Age, which is correlated with SLN metastases in univariate analysis, does not retain any significant correlation in multivariate analysis. Therefore, if young age, by itself, is not an adverse prognostic factor, it should not be considered as an indicator for more aggressive treatments.
Increasing tumor grade does not predict a higher risk for axillary lymph node metastases in multivariate analysis. In particular, Grade 3 tumors do not show any increased propensity to metastasize to the regional lymph nodes and perhaps to distant organs. Therefore, any possible overtreatment of patients on the basis of tumor grade only should be discouraged.
PgR status shows a surprising inverse correlation with axillary lymph node metastases, both in univariate and multivariate analyses. The possible biologic reasons for this association deserve further investigations.

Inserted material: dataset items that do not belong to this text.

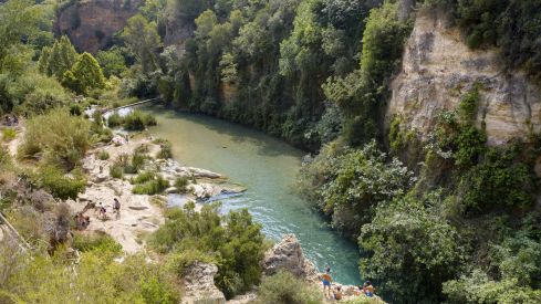El Gorgo de la Escalera, també conegut com a "Platja Continental", és un bell paratge natural que compta amb un canó tallat per les aigües del riu. Per a accedir a aquest lloc, s'han de baixar 136 escalons que condueixen a un barranc amb impressionants cascades i piscines naturals. Durant dècades, aquest entorn ha sigut un refugi per als qui busquen gaudir de la bellesa natural i la tranquil·litat que ofereix la contemplació de les aigües que cauen en cascada.
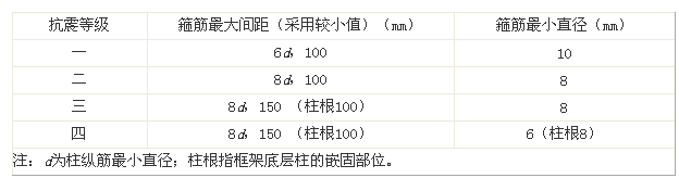 2) 二级框架柱的箍筋直径不小于10mm且箍筋肢距不大于200mm时,除柱根外最大间距应允许采用150mm;三级框架柱的截面尺寸不大于400mm时,箍筋最小直径应允许采用6mm;四级框架柱剪跨比不大于2时,箍筋直径不应小于8mm。
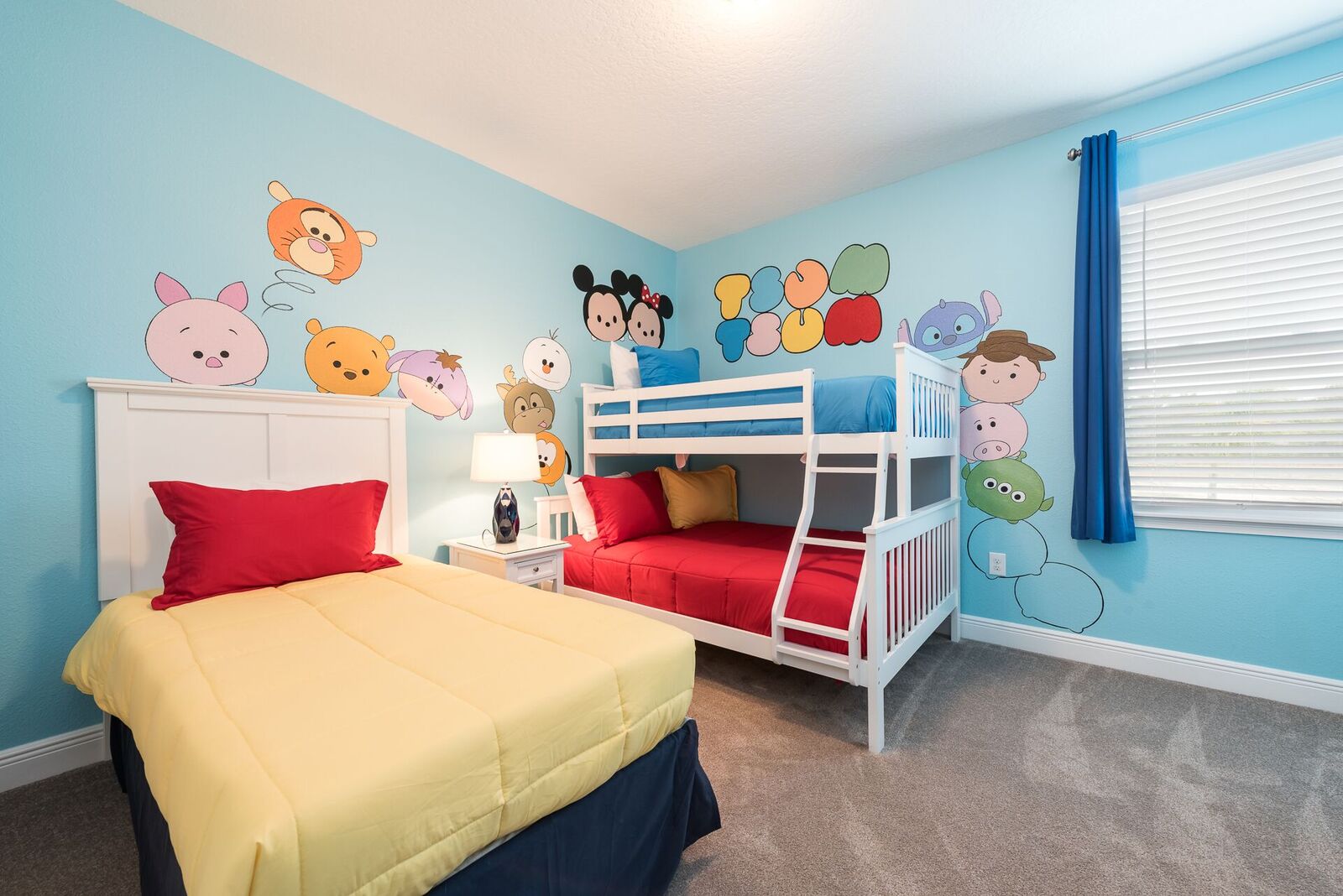 'Disney Tsum Tsum' themed bedroom with bunk beds (Twin and Full sized bed) as well as an additional Twin sized bed
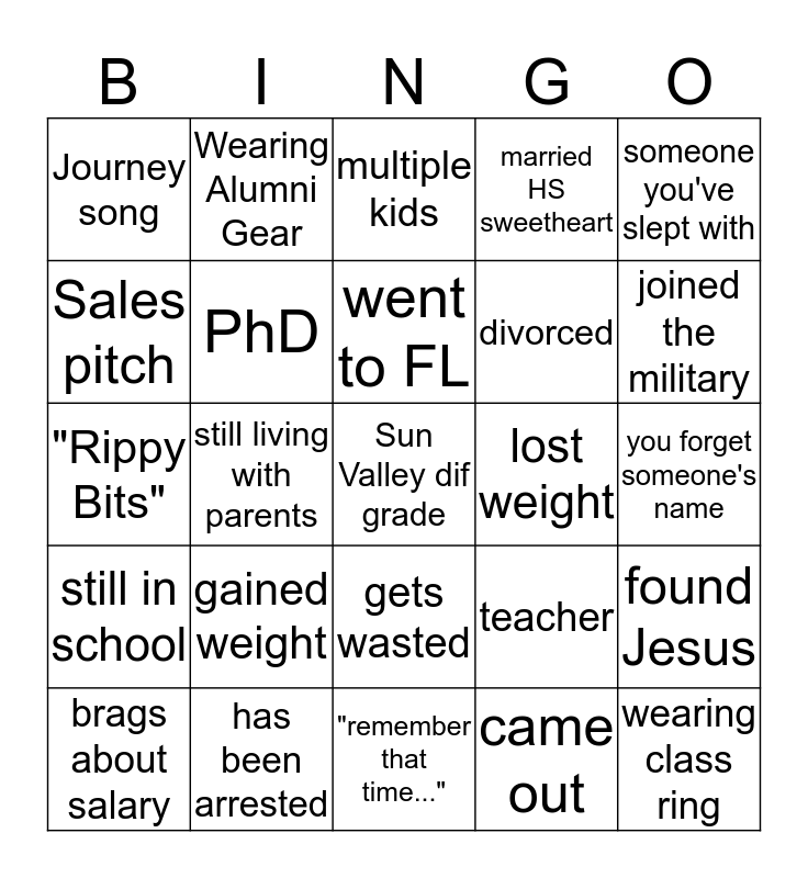 This bingo card has a free space and 24 words: gained weight, has been arrested, went to FL, brags about salary, someone you've slept with, Journey song, Sales pitch, Wearing Alumni Gear, lost weight, gets wasted, divorced, "Rippy Bits", teacher, found Jesus, PhD, came out, you forget someone's name, multiple kids, joined the military, still living with parents, wearing class ring, still in school, married HS sweetheart and "remember that time...".
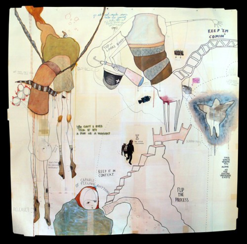 JS: In many ways I’m mapping the ways things come together in my mind. Because my process is so automatic and intuitive, the best comparison that I can make is to being plopped in the middle of some dense wilderness. What unfolds on the canvas is an account of what I bump up against along the way, mixed with reverie for what it might mean and how it feels. I map the terrain as it’s being re-discovered and documented, before I get to the point where I’m able to stand on the mountaintop and properly survey the landscape below.
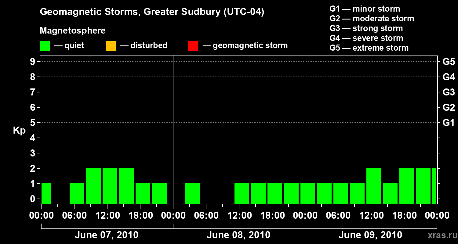 Geomagnetic storms in Greater Sudbury on Jun 09, 2010
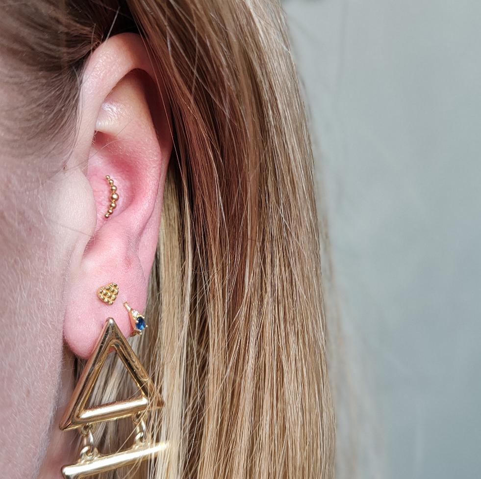 Grosor de la piel o el cartílago: El grosor de la piel o el cartílago que rodea la perforación (frontal, lateral o trasera) influye en la elección de la joya. Tenga en cuenta la sensibilidad del cartílago en ciertas perforaciones.
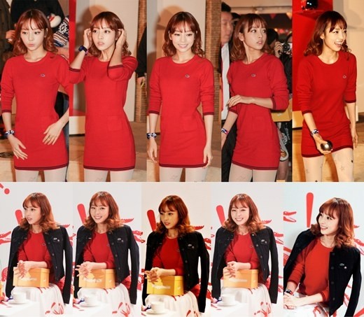 사진 속 구하라는 해당 브랜드의 레드 컬러의 원피스를 입고 귀여운 매력과 동시에 섹시미도 물씬 풍기고 있다.
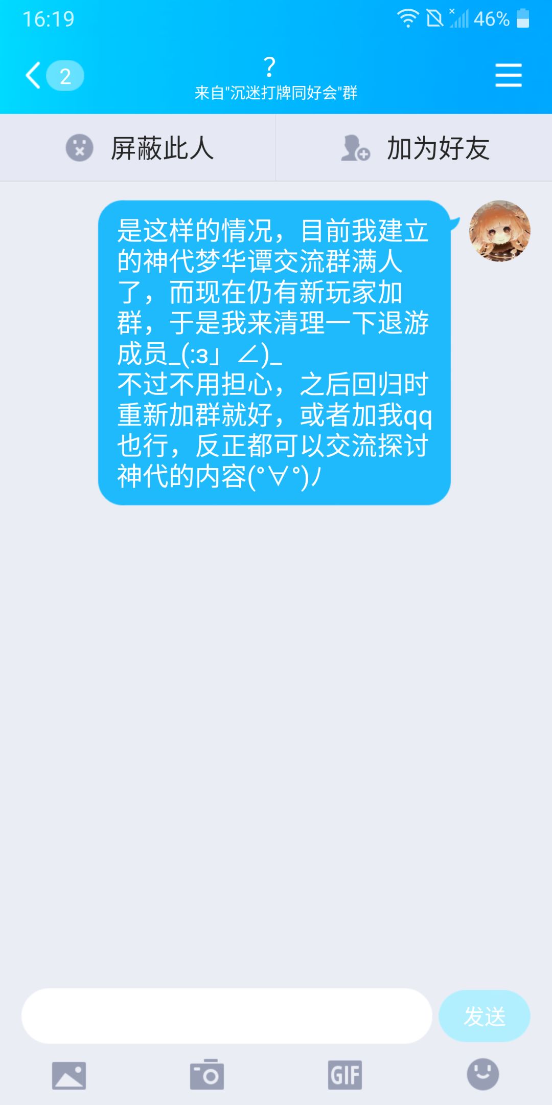 不过大家也无需担心,在我以及管理清人前和对方说一声,以后回归时重新加回来就行,或者加我qq也行,反正都可以探讨交流神代嘛233(下图是我当时清理不活跃成员时的留言)

One of the aims of our study was the possible identification of a clinicopathological profile of the primary tumors predictive of such a low risk of axillary involvement as to justify the avoidance of SLNB. Although this procedure is well tolerated by the patients, it still requires the administration of radioactive tracers in the breast, a number of scintigraphic examinations, a prolonged surgical procedure, and additional work for pathologists. Patients with tumors exhibiting PVI—and especially if the tumors are > 2 cm— are at the highest risk for axillary lymph node involvement, and an immediate ALND could be recommended without a preliminary SLNB. The information on PVI, however, is available only after the primary tumor has been removed whereas, n many cases, the indications for SLNB must be derived preoperatively.
Given that we were unable to find any constellation of predictive features that would identify patients at such a low (i.e., significantly < 10%) risk of SLN metastases to be safely spared SLNB, we continue to offer this staging procedure to all eligible patients.
Finally, the current series confirms that the particularly thorough examination of SLN increases the detection rate of micrometastases and isolated tumor cells that would have remained undetected at a routine histopathologic examination of ALND specimens. This will upstage a significant number of patients with all the subsequent therapeutic consequences. As there is uncertainty about the clinical implications of minimal lymph node involvement, the treatment policy of this subgroup of patients will require a redefinition. Specifically, it is still being debated whether minimal SLN involvement actually dictates completion of ALND. A clinical trial comprising patients with isolated tumor cells or micrometastases in the SLN randomized to receive ALND or follow-up is in progress at our institution.
In conclusion, the current data may be used to tailor the management of patients with breast carcinoma with the aim of minimizing as much as possible diagnostic and therapeutic procedures, thus improving the quality of life of the patients without any adverse effect on their survival rates.